Personally, I wouldn't change the names; I think their service spanned beyond the 4 years of the Civil War, and their memory shouldn't be conflated over a political dispute they weren't responsible for. Nobody is seriously arguing against a beneficial consequence of the war being abolition of slavery; the issue has to do with the means to achieve that end.

 But where I differ from Trump, who threatened vetoing related defense appropriations, is that I think Congress has the right to make that decision. I did find it odd that a Lincolnian nationalist like Trump would be championing the cause of Confederate generals. The issue I have with the renaming has to do with associated costs to what benefit? Do we really need to remind people who won the Civil War? I reject the unprincipled cancel culture, the presentist distortion of a more nuanced past whose own leadership struggled, along with those of other Western powers, with the contradictions of slavery. After all, the Jefferson Administration had put an end to the international slave trade to the US.

Whether Trump was simply looking to exploit Southern sensibilities in response to politically correct attacks on Southern traditions and culture is speculative, but I think that he was vested in what he saw as the nationalist heritage of Lincolnian nationalism  and sees the breakdown of law and order as an existential threat against nationalism. 
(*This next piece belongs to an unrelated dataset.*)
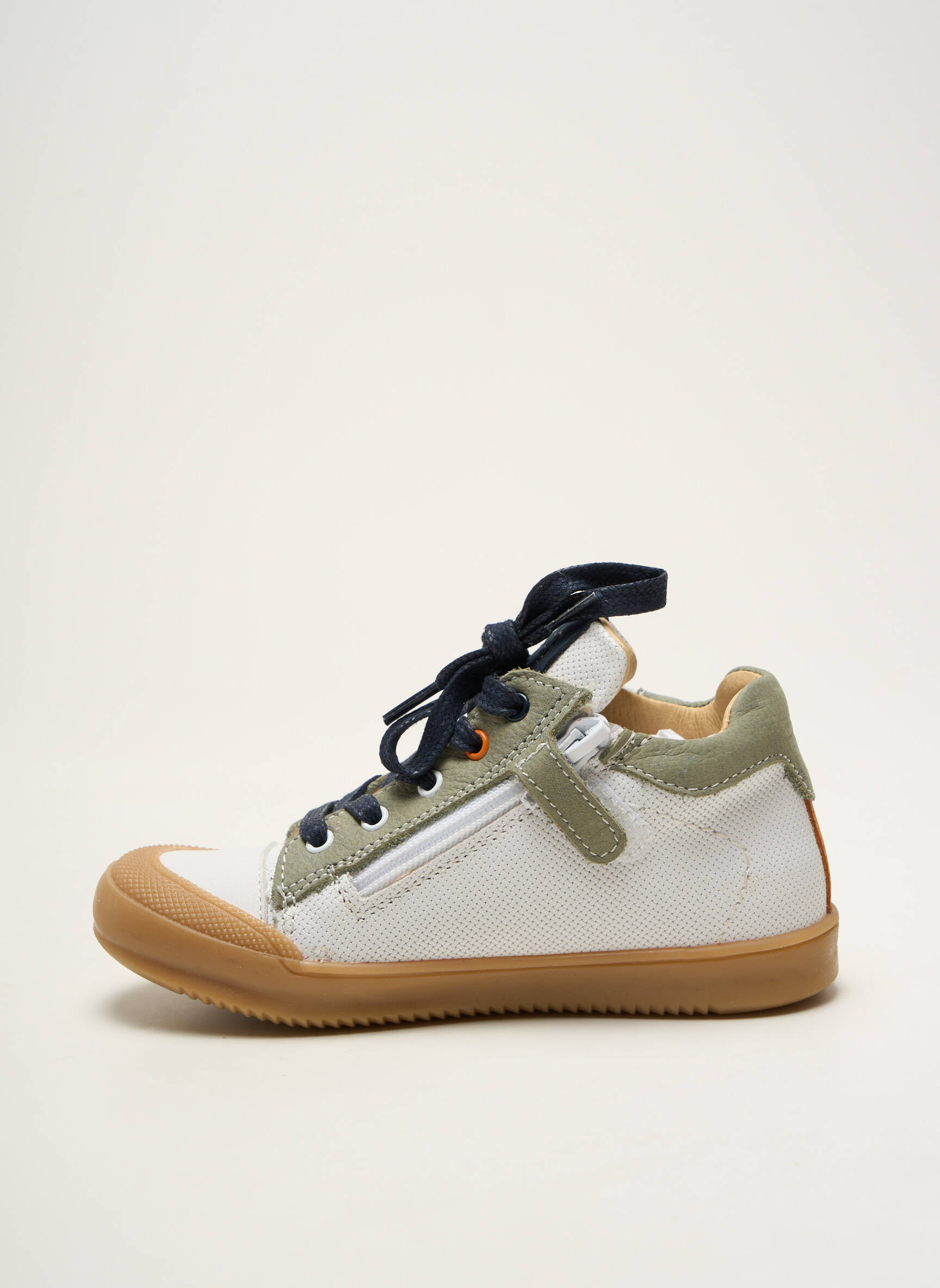 Voici le bottillon Bellamy pour garçon, une vraie bonne affaire pour les parents à la recherche de qualité sans se ruiner : avec son design alliant harmonieusement blanc, bleu marine, kaki et orange, il propose une allure moderne et dynamique tout en assurant le confort du pied, grâce à une semelle souple et un bout renforcé idéal pour les enfants actifs. L’association des matières apporte une touche tendance et le système de laçage garantit un maintien optimal, faisant de ce modèle un incontournable à petit prix pour accompagner les journées bien remplies.
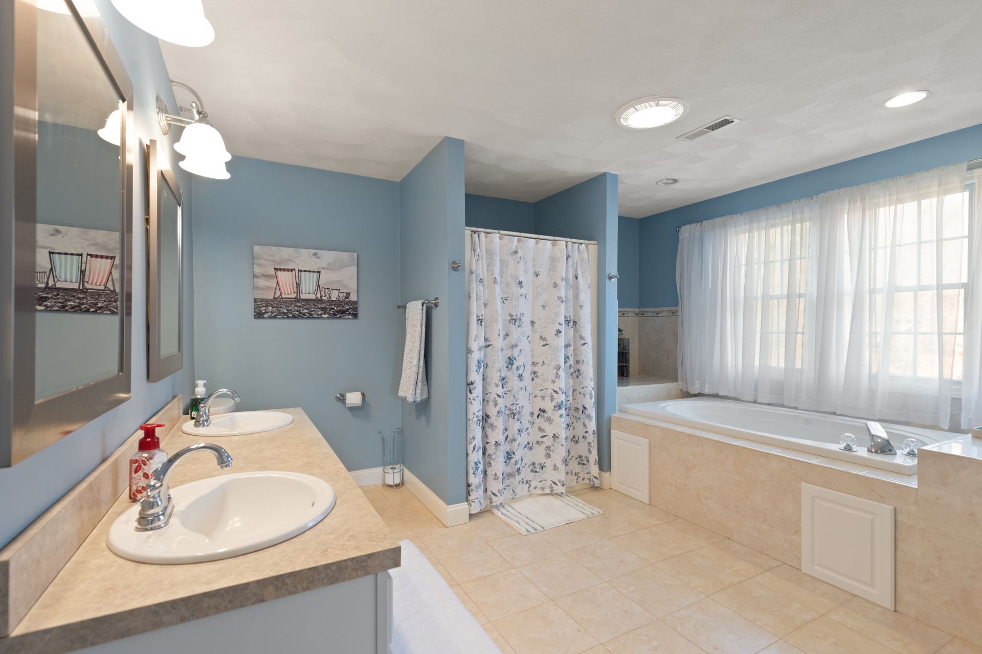 This spacious, high-end, five-bedroom, four-bathroom, 2.4-acre retreat, nestled at the end of a coveted cul-de-sac brings privacy, nature, and resort-like outdoor living. The front entrance opens to a grand, two-story foyer. The main level includes a spacious office, an eat-in kitchen with an island flowing to an oversized living room w/gas fireplace, a dining room with a cozy sitting area, and a half bath. A palatial great room boasts magnificent 25 foot, beadboard ceilings extending up to a lighthouse-inspired cupola, floor-to-ceiling custom windows for an abundance of natural light, and French doors opening to a sprawling composite deck, overlooking a backyard oasis. An exquisite, oversized, custom gunite swimming pool/spa is surrounded by meticulous landscaping and a naturally wooded backdrop. The second floor has a separate laundry room, an expansive primary bedroom with an en-suite and three additional beds sharing a full bath. A walkout lower level contains a guest suite, full bath, kitchen/bar, game room and screened porch with outdoor TV. Please see Matteport for interactive floor plans!

At least two recent policy directions has focused on public education: his attempts to focus on reopening the economy (in particular, reopening schools in the COVID-19 crisis, which he sees as vested in the goal of economic recovery, crucial to his reelection hopes in November) and in his recent executive order promoting patriotic education.

From a policy perspective I'm opposed to federal intervention, being committed in principle to education market competition and against traditional state/local public education management and administration. I particularly oppose the government's attempt to use the classroom as an attempt to rationalize and promote Statist policies. Propaganda is not education; it serves the vested interests of the political elite. Education should provide open-ended competition for the free market of ideas, including the pluralism of views on our history. Political intervention biases relevant discussion.